Data breach and privacy concerns are top of mind for companies no matter where they operate. However, those that do business in California should take careful note of the flurry of recent California legislative activity that increases regulation and potential corporate exposure in this arena.
For example, signature collection recently began in California for a state initiative that is intended to significantly lessen the largest hurdle faced by plaintiffs in privacy actions — demonstrating harm from the disclosure of “personal information.” If the initiative passes, culpable harm will be presumed upon allegedly improper disclosure of broadly defined “personal information.” To date, numerous privacy actions have been dismissed because the plaintiffs cannot establish injury/harm. Hence, multiple commentators have predicted that this initiative could create substantial increased exposure to class action privacy lawsuits for any entity that collects and maintains personal information.
Additionally, within the last month, the California legislature has modified its privacy laws to increase consumer protections, resulting in an increase in risk for businesses operating in California:
- California Civil Code sections 1798.29 and 1798.82 were modified to expand data breach notification requirements.

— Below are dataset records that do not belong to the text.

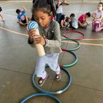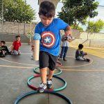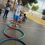 DURANTE A AULA DE EDUCAÇÃO FÍSICA OS ALUNOS PARTICIPARAM DE ATIVIDADES COMO O GRUDA BOLINHA E CIRCUITO, FEITAS COM MATERIAL RECICLADO, COM O OBJETIVO DE CHEGAR ATÉ O LOCAL DESEJADO.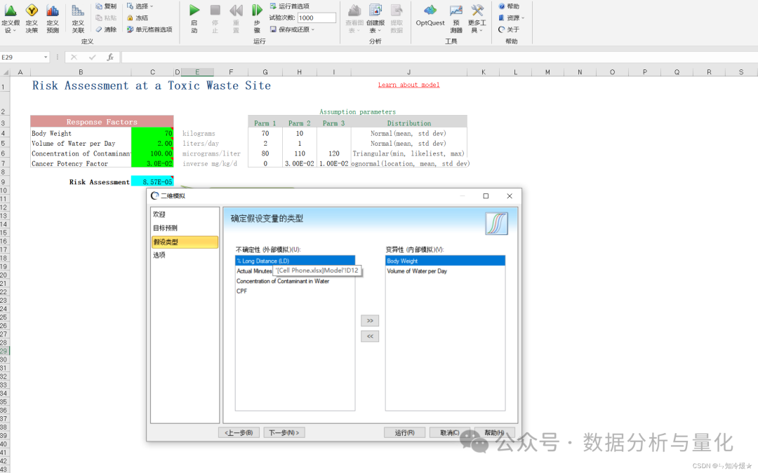 使用:选择更多工具中的二维模拟,在假设类型这里将假设变量分为不确定性变量和变异性(可变性)变量。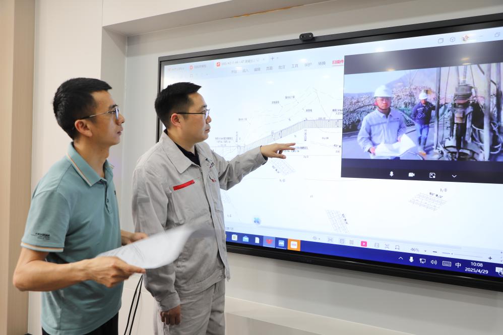 4月29日,秦名奎(右一)通过视频连线,远程指导新疆大石峡水利枢纽工程钻探灌浆施工作业。(受访单位供图)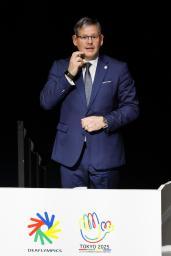 「東京デフリンピック」の閉会式であいさつする国際ろう者スポーツ委員会のアダム・コーサ会長=26日、東京体育館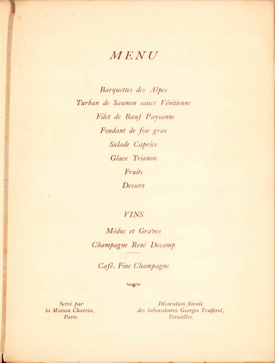 1923'te Louis Pasteur'ün doğumunun yüzüncü yılı dolayısıyla Versay Sarayı'nda düzenlenen ziyafetin Fransızca menüsü, Dr. Rıza Isfahani imzalı, 15,5x21cm.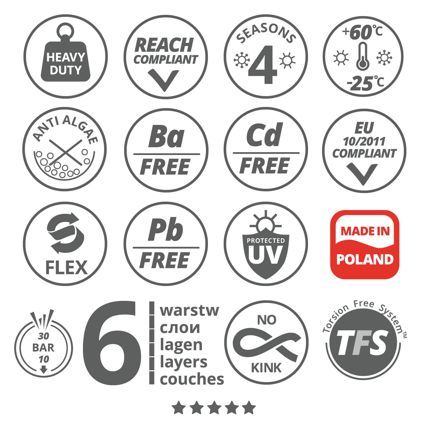 The hose is resistant to UV radiation, extreme temperatures (from -25°C to +60°C) and algae buildup inside the hose. Thanks to its exceptional flexibility and resistance to mechanical damage, it is a reliable choice for amateur gardeners and professionals alike.

- California Business and Professions Code section 22575 (California’s Online Privacy Protection Act) was amended to require additional disclosures regarding an entity’s online privacy policies.
- California’s Business and Professions Code sections 22580 through 22582 (“Privacy Rights for California Minors in the Digital World”) were enacted to among other things: (a) prohibit online service operators from targeting certain advertising to minors.
This recent and ongoing California activity emphasizes that businesses in California and elsewhere must continue to be vigilant in their focus on methods to reduce their risk of exposure. Unfortunately, examples of claims and litigation resulting from alleged statutory breaches have grown and will continue to do so. For example, Yahoo was recently sued in a proposed California class action lawsuit that accused it of violating both federal law and California’s Invasion of Privacy Act. The plaintiffs allege in part that Yahoo users have “an expectation of privacy for the content of their electronic communications” and that any business practice of reading such communications is not within the “ordinary course of business” exception found in certain laws.
Insurance is an important component of a risk management plan that seeks to combat this increased exposure. As statutory regulation continues to morph, companies should — on an ongoing basis — examine their potential exposure, matched against their existing insurance portfolio, to confirm that they are adequately protected to pay for both lawyers’ fees and other amounts spent responding to statutory claims against them. For example, depending upon the type of coverage at issue, the question of coverage for alleged statutory breaches, including claimed intentional/willful breaches, can be a major area of dispute between insurers and policyholders. Some insurers include language in their commercial policies that they later argue precludes coverage when the policyholder is alleged not to have complied with a particular statute. Insurers also often argue against coverage for statutory damages.
However, such arguments could all but gut critical insurance protection. Thus, in the first instance, companies should review their existing policies now to assess the extent of coverage for this increased risk. For example, does a company's policy contain exclusions that purport to preclude coverage for some measure of statutory exposure? How specific or broad is the language of any such exclusion(s)? What about coverage for statutory “fines” or “penalties”? And does the policy language track the evolving case law? In fact, insurers often seek to include exclusions for statutory fines/penalties/damages, even though the courts are increasingly finding in favor of coverage for such exposure.
Depending upon the breadth of the coverage or exclusions in current policies, at renewal, policyholders should negotiate for language or purchase specialized policies that most effectively match their risk profile, based upon evolving regulation in the states and countries where they do business. Coverage counsel can help accomplish this goal by discussing in a privileged setting the extent to which the existing or offered policy language is adequate and how it can be modified to increase insurance protection.
And, finally, if a company is sued for an alleged privacy statute violation and its insurer cites to a “statutory” exclusion in to deny coverage, the company should scrutinize its policy language for holes in the insurer’s position. For example, last week, Judge Fees in the Central District of California rejected Hartford’s argument against coverage for two California Confidentiality of Medical Information Act actions regarding alleged disclosures of patient medical information. Hartford pointed to exclusion for injury “arising out of the violation of rights created by state or federal acts.” The court found that the exclusion did not apply in part because medical record privacy rights existed under common law long before California enacted statutory protections.
As the states continue to regulate in the privacy arena, and companies continue to focus on an overall program to address risks of claimed privacy breaches, they should include a careful consideration of insurance as an important part of any such program.